1.ATTENZIONE 1.4. ASCOLTARE L'ascolto continuo e attento dell'altro è certamente uno degli aspetti centrali per poter cogliere come la persona percepisce se stesso e il mondo intorno a sé. K da alcuni suggerimenti che motivano il conduttore all'ascolto. 1.4.1. Un motivo per ascoltare Perché ascoltiamo le persone, cosa ci spinge a fare ciò? La relazione di aiuto è il motivo principale. L'ascolto riguarda l'aspetto fisico, emotivo e intellettuale. Cioè dobbiamo concentrarci non solo sulle parole (contenuto), ma anche sul tono della voce e come si esprime la persona (relazione).

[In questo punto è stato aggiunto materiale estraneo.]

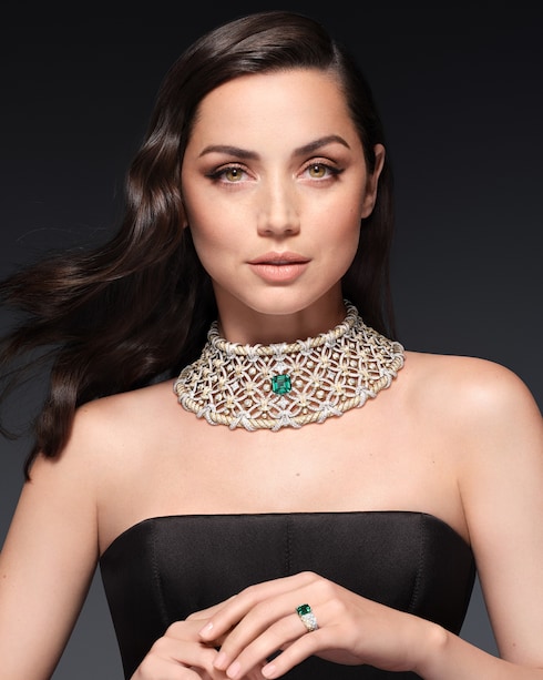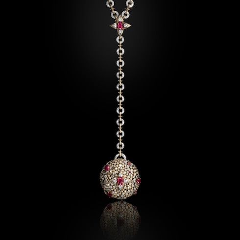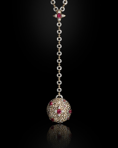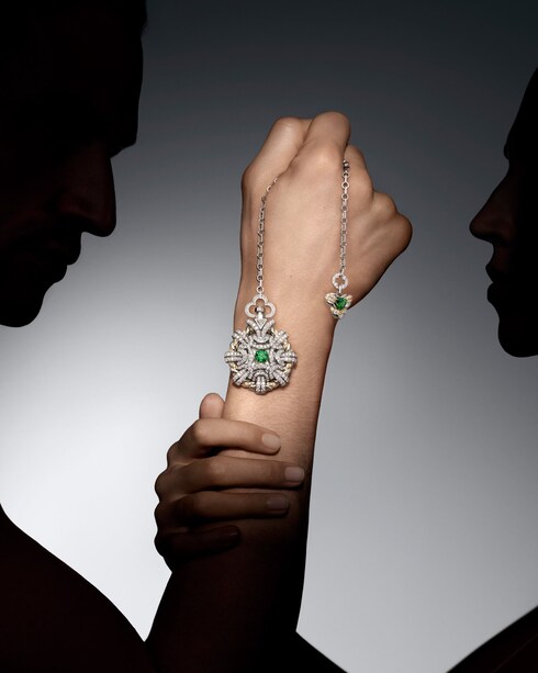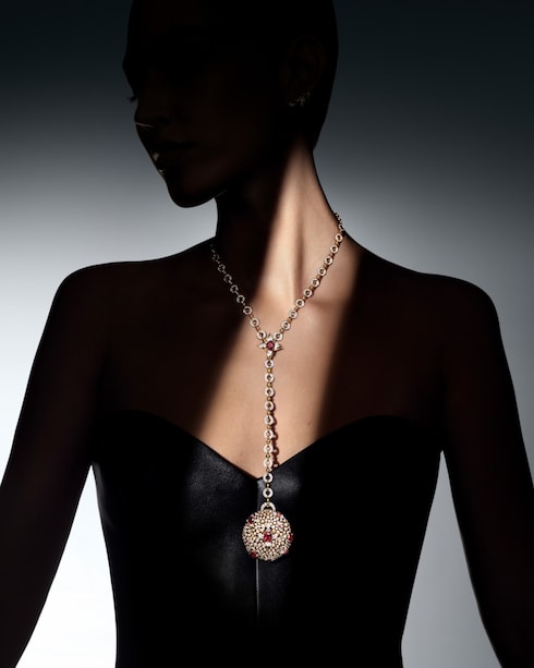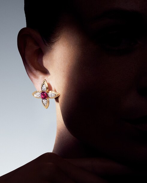 Emulating the contours of ornate imperial interiors, Splendeur masterfully reimagines floral woodwork in an ode to the iconic Monogram Flower. Set with a vivid display of over 110 rubies, the exquisite jewellery pieces boast a charismatic decadence — showcased by a spectacular setting, amongst the largest arrangement ever featured on one creation.
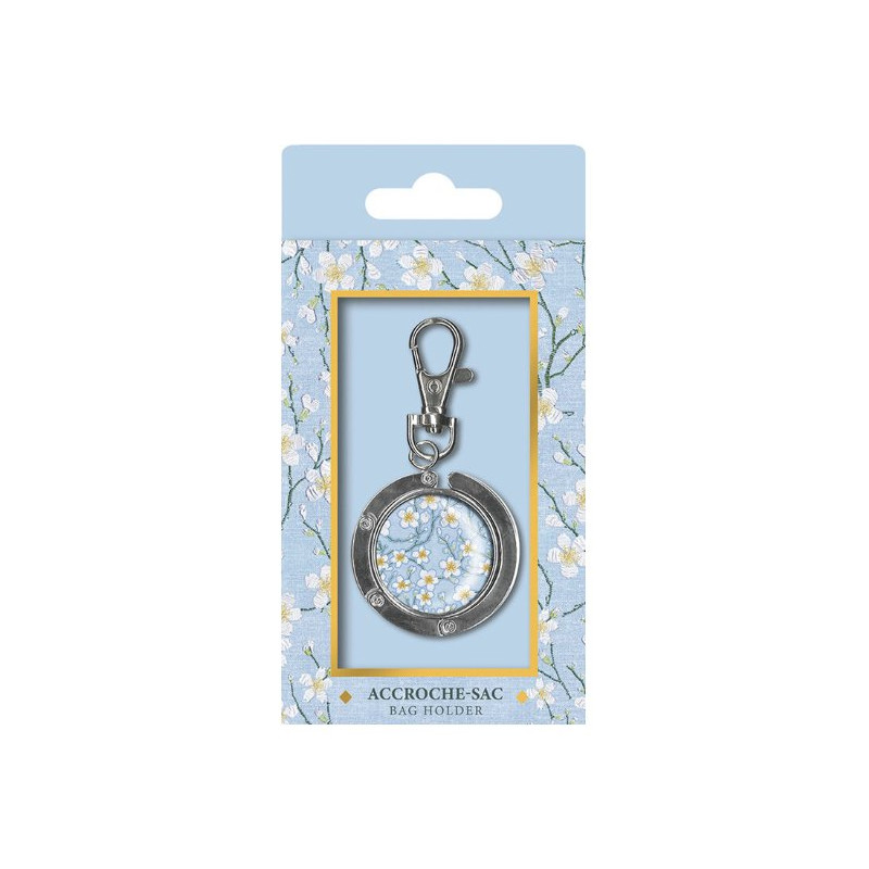 A la fois un très joli porte-clé en métal avec décor aux détails dorés et surtout un accroche-sac astucieux qui se clipse sur presque toutes les tables afin de ne pas laisser trainer votre sac à terre.

1.ATTENZIONE 1.4. ASCOLTARE 1.4.2. Sospendere il giudizio Per poter ascoltare l'altro è importante sospendere qualsiasi giudizio personale. E ciò vuol dire sospendere i nostri valori e le nostre opinioni rispetto a ciò che l’altro va dicendo. 1.4.3. Concentrarsi sulla persona Non solo bisogna cercare di evitare di seguire la voce giudicante che è dentro di noi, ma bisogna anche evitare di distrarsi durante il colloquio. Quindi, durante l'incontro si cerca di eliminare tutti gli stimoli che possono distrarci. Per esempio si abbassa la suoneria del telefono, evitare posti rumorosi, si dice agli altri di non interrompere per nessun motivo...
1.ATTENZIONE 1.4. ASCOLTARE 1.4.4. Concentrarsi sul contenuto Ho visto, nella mia pur breve esperienza, che concentrarsi sul contenuto che l'altro sta dicendo è centrale per tutto il processo di aiuto. Basta far riferimento alle 6 domande: -Chi? -Cosa? -Perché? -Quando? -Dove? -Come? 1.4.5. Ricordare E’ importante ricordare ciò che l’altro dice e sente e per fare questo occorre sintetizzare l’esposizione orale del cliente e provare a cogliere il contenuto che ne è alla base. 1.4.6. Temi ricorrenti In genere i clienti hanno dei temi ricorrenti in cui sono particolarmente coinvolti.